On Tuesday, yet another visitor arrived in Machui but this time it was a familiar face for most of the people here.  The visitor was a Sister from Austria who lived in Machui for nineteen years.  She was here from the beginning, when everything was just starting to be built.  As I’m sure you can imagine, talking with her was very interesting.  She is a nurse and worked in the dispensary while she was here.  Since I’m helping there now took a special interest in me.  In the afternoon, after I was done working, she invited me to take a walk around the compound with her.  As we ran into people she knew, watching her interact with them was delightful.

The German benefactor of the Sisters that I mentioned in my posts is still here and planning many things for Machui. He wants to build another water tank, new classrooms and add rooms to the dispensary. He even put together a 35 ton container of supplies from Germany to be sent here! After a week of stress because they were having trouble collecting the container after it arrived, a truck finally pulled in on Saturday carrying it. The huge container was full of tiles, pipes, bags of cement and building materials. I was amazed at the generosity of this man. This isn’t the first time he has done this either. For at least fifty years, he has been assisting the Sisters and practically built the entire compound here in Machui. He is truly an inspiration and I only wish that more people were as generous.

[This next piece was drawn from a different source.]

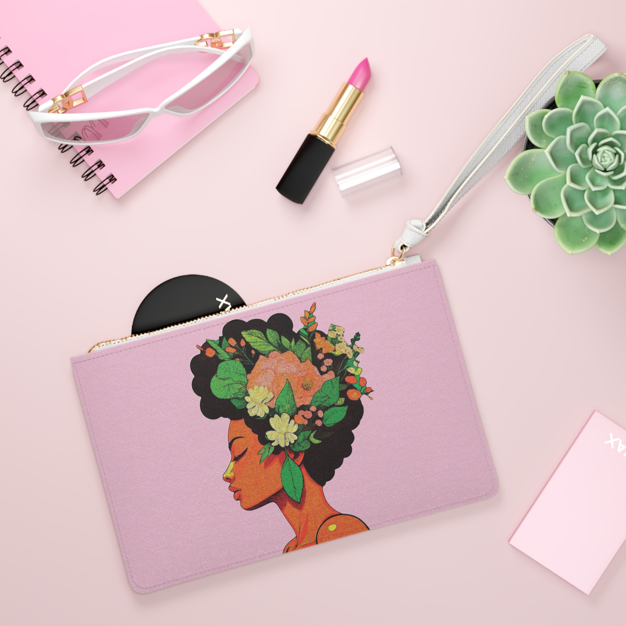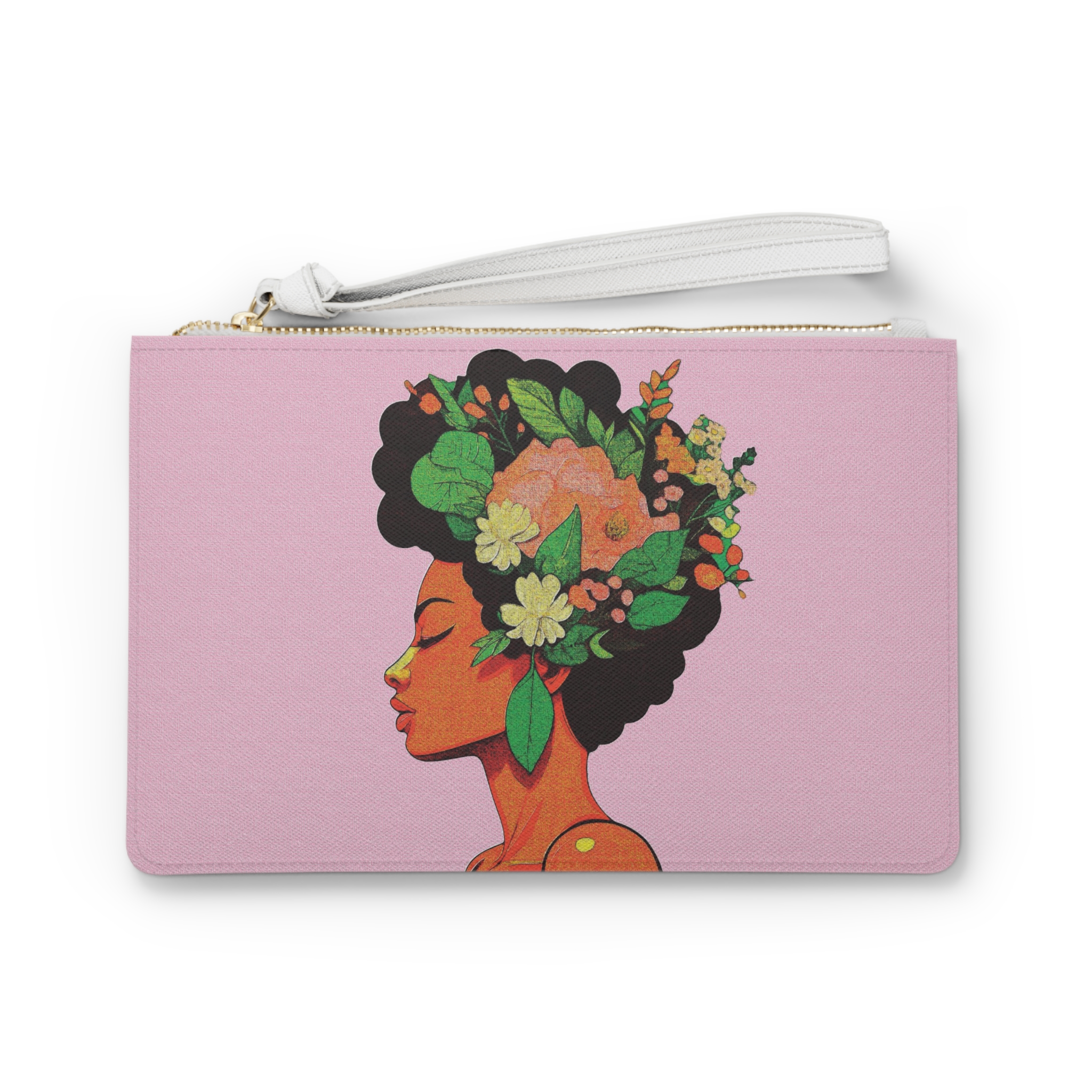 Our women’s clutch bags featuring a beautiful Black woman in vivid colors, now with the option of personalization, celebrate diversity and individuality. By carrying this artwork, you are making a statement about your values and embracing the beauty of representation.

Here are some pictures of us unloading the supplies:

Me carrying some tiles.
Unloading the truck.
Does this count as child labor?
Cans of Paint.

The Spice Farm

Zanzibar is known as the Spice Island because of the many varieties of spices that grow here. Most of the world used to get its spices here, in fact. One of the things that you have to do when you come here is tour a spice farm. There is one main one owned by the government, but also many private farms. All of the farms are still in use today.

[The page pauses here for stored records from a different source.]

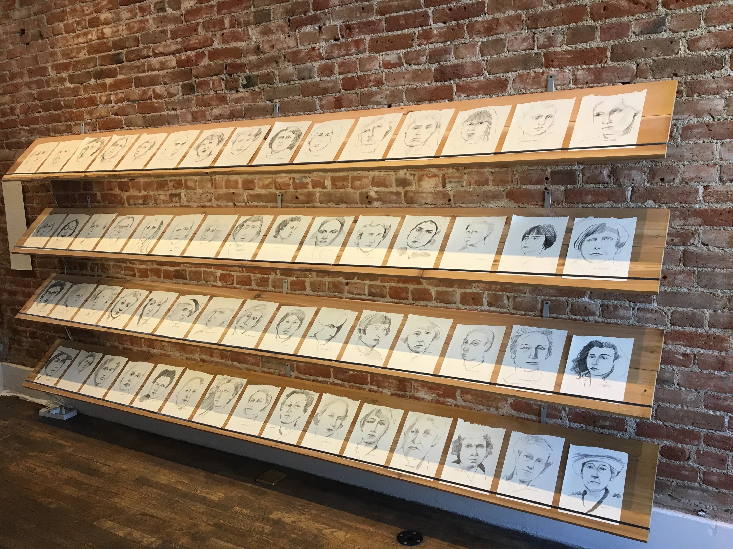 Finally, there’s an elegant little show-within-the-show: a set of angled display shelves with rows of portrait drawings of dozens of all but forgotten women artists, many of whom Tucek only discovered in doing research for this show.
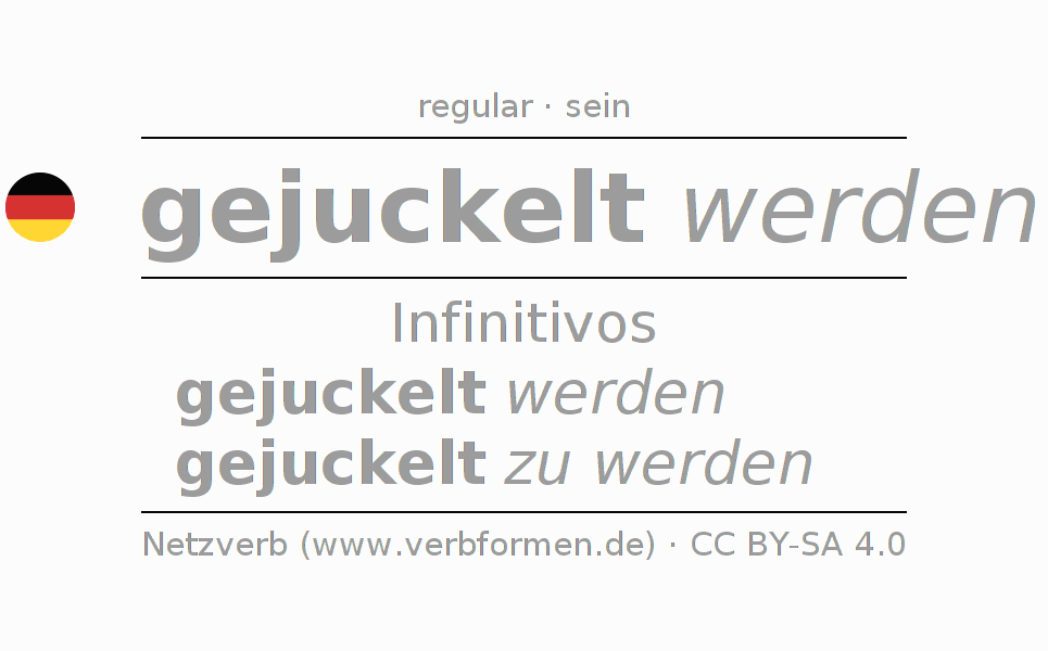 A conjugação do verbo juckeln no Voz Passiva Infinitivo Presente Perfeito forma básica é: gejuckelt werden, gejuckelt zu werden.A formação dessas formas segue determinadas regras gramaticais. Os requisitos para a conjugação do verbo como forma verbal simples no juckeln do Infinitivo. Comentários ☆
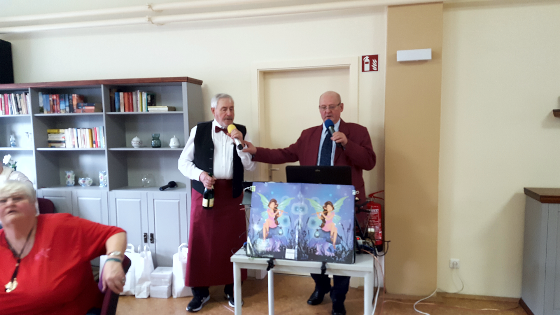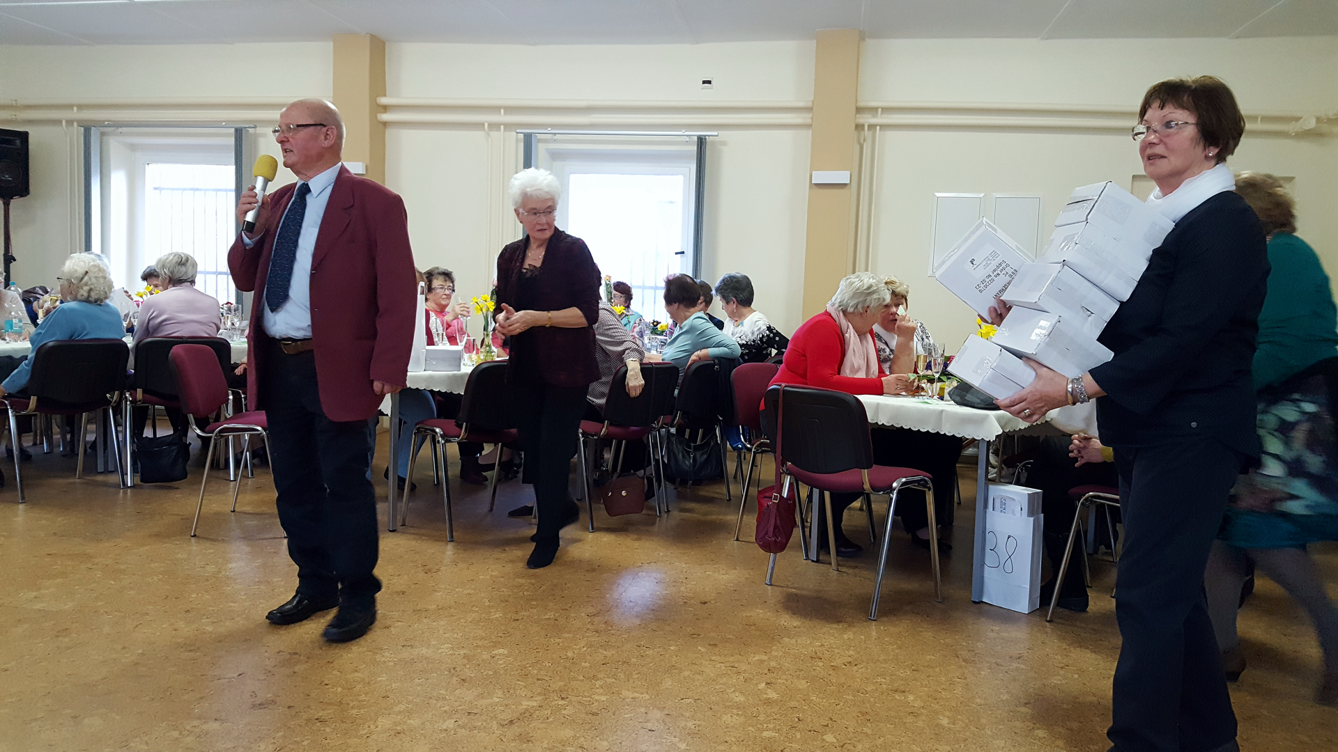 Bernd Krienitz sorgte in den Programmpausen mit Karaokemusik für Unterhaltung und auch hier zeigte Cäsar sein musikalisches Talent. Der nächste Höhepunkt war von unseren Stricklieseln vorbereitet worden. Für einen Taler gab es ein Tombola-Los, welche durch Bernd Krienitz mit passenden Sprüchen kommentiert, eingelöst wurden. Von Puppen über Sammeltassen, Bücher und "Stehrum - chen" hatte jede Frau etwas in ihrer Tüte, was zu ihrem Lebensglück an diesem schönen Tag noch fehlte. Dazu gab es für Jede eine gesponserte Winterdekofigur, denn der nächste Winter kommt bestimmt. Danach konnte endlich getanzt werden und den Abwasch erledigten die Männer in der Küche... |
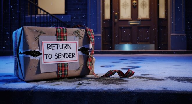 Return to sender message on wrapped gift near door with tartan ribbon in night scene. Return to sender holiday gift has paper label with message on kraft wrapping near festive New Year door.

Yesterday two girls who are volunteering in Dar es Salaam came to visit Machui and of course had to tour the Spice Farm. Since I hadn’t gone yet, I decided to join them and was glad I did. I also took lots of pictures so this definitely deserves its own post.

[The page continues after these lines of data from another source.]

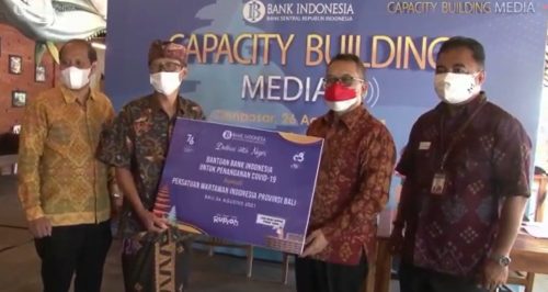 Bantuan diserahkan oleh Kepala Perwakilan Bank Indonesia Provinsi Bali Trisno Nugroho kepada Ketua PWI Provinsi Bali IGN MB Dwikora Putra, di Denpasar, Kamis (26/8).
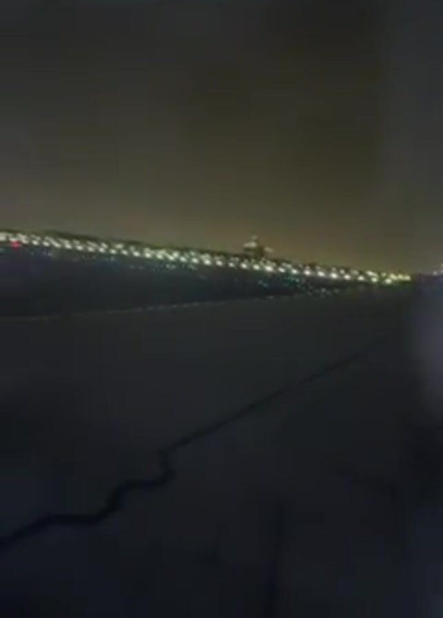 n airplane landing at night
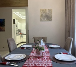 Приятная, современная обстановка, чисто, тепло, просторно. Все необходимое для проживания есть - от чайника и кофеварки до стиральной машины, сушилки и утюга. Все работает, все исправно.
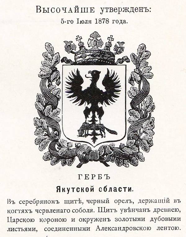 Герб Якутской области Российской империи — первый в истории Якутии — был утверждён императором Александром II 5 июля 1878 года. Официальное описание (блазон) герба выглядело следующим образом:
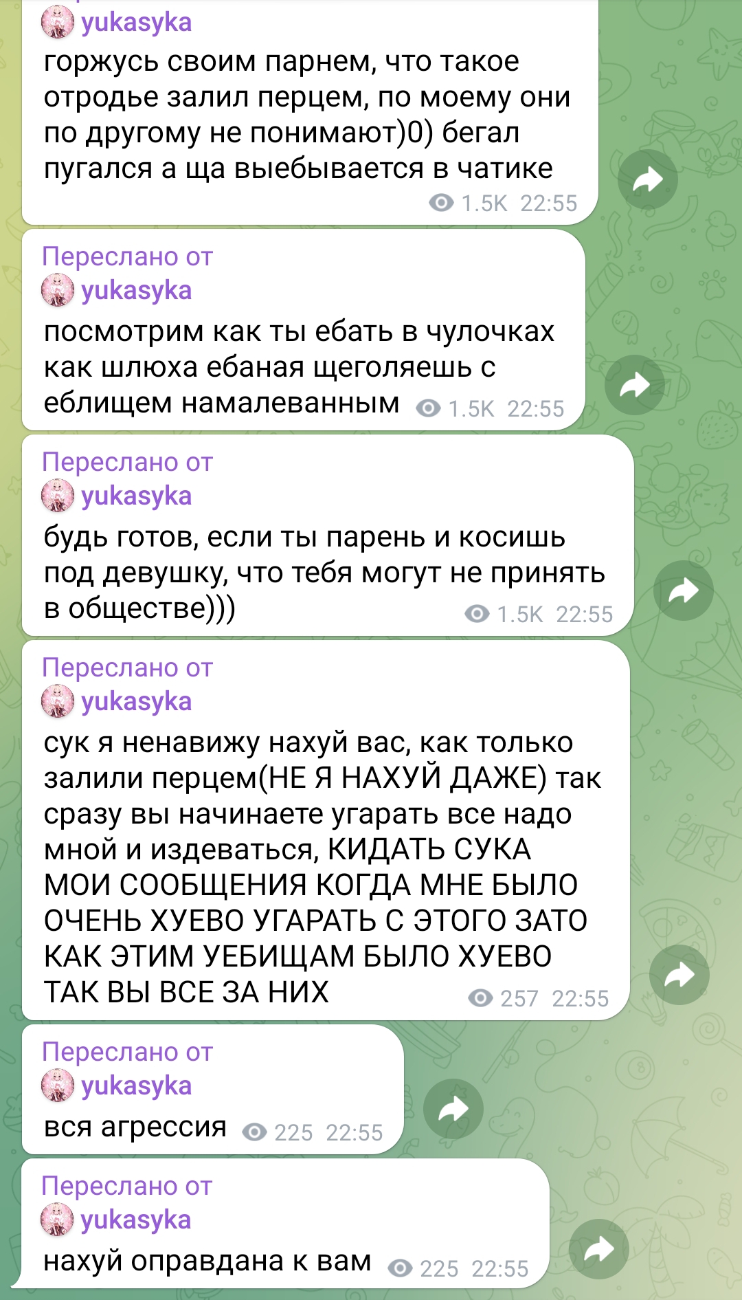 >>78127 Я другая сосиса Сегодня в цдм гуляли пара-тройка ребят, кто жсф, кто просто нефоренок, и на них начали выебываеься Юка (та воровка) и ее ебырек. Он ещё орал, как хочет им набить ебало:) То ли из-за внешнего вида, то ли из-за чего-то ещё. Те ребятки засняли их на камеру, и раскидали видео по паре телеграм каналов, мол, смотрите долбаебы лезут к нам. А после видео юка с ебыркем их залили перцем прямо в лицо и отпиздили Кстати говоря, эти двое были под веществами В общем, стычка антисоциального быдла по которым плачет не то что дурка, а сама ВОЗ с нефорами

The Spice Farm was the original Spice plantation started by the first Sultan of Zanzibar in 1860 and is still in use today. Many of the students from Machui actually work there, so we were able to get one of them to give us a tour. After giving us a brief history, our guide led us to the first spice. He had us guess what it was and while it was familiar, none of could place it. He revealed that what we were smelling was ginger and broke off a piece of the root for us to eat. The taste was subtle at first but then exploded with spiciness. I was surprised by the taste and it lingered in my mouth for a long time.

Mr. Butterfly climbing the Palm Tree.

Although it is called The Spice Farm, many kinds of fruits also grow there. During the tour, we saw a man harvesting coconuts. The man we saw is called Mr. Butterfly and is famous all over Zanzibar. To get the coconuts he tied a rope around his ankles and shimmied up the tall palm tree. As he climbed he

A Palm Tree Flower

sang and even did some tricks. Along with the coconuts, he cut down a flower which actually doesn’t look like a flower at all(see picture). Our guide told us that most toothbrushes in Zanzibar are made from this flower. After climbing down, he cut open the coconuts and we were able to drink the “milk”, which was more like water and eat the fleshy insides. It was delicious!

Drinking from the coconuts

Throughout the rest of the tour we saw and smelled many other spices, some of which I had never heard of before. There was cinnamon, pepper, lemongrass, cardamon and vanilla to name a few.

I bought some lemongrass tea and checked one thing off of the must see list for Zanzibar.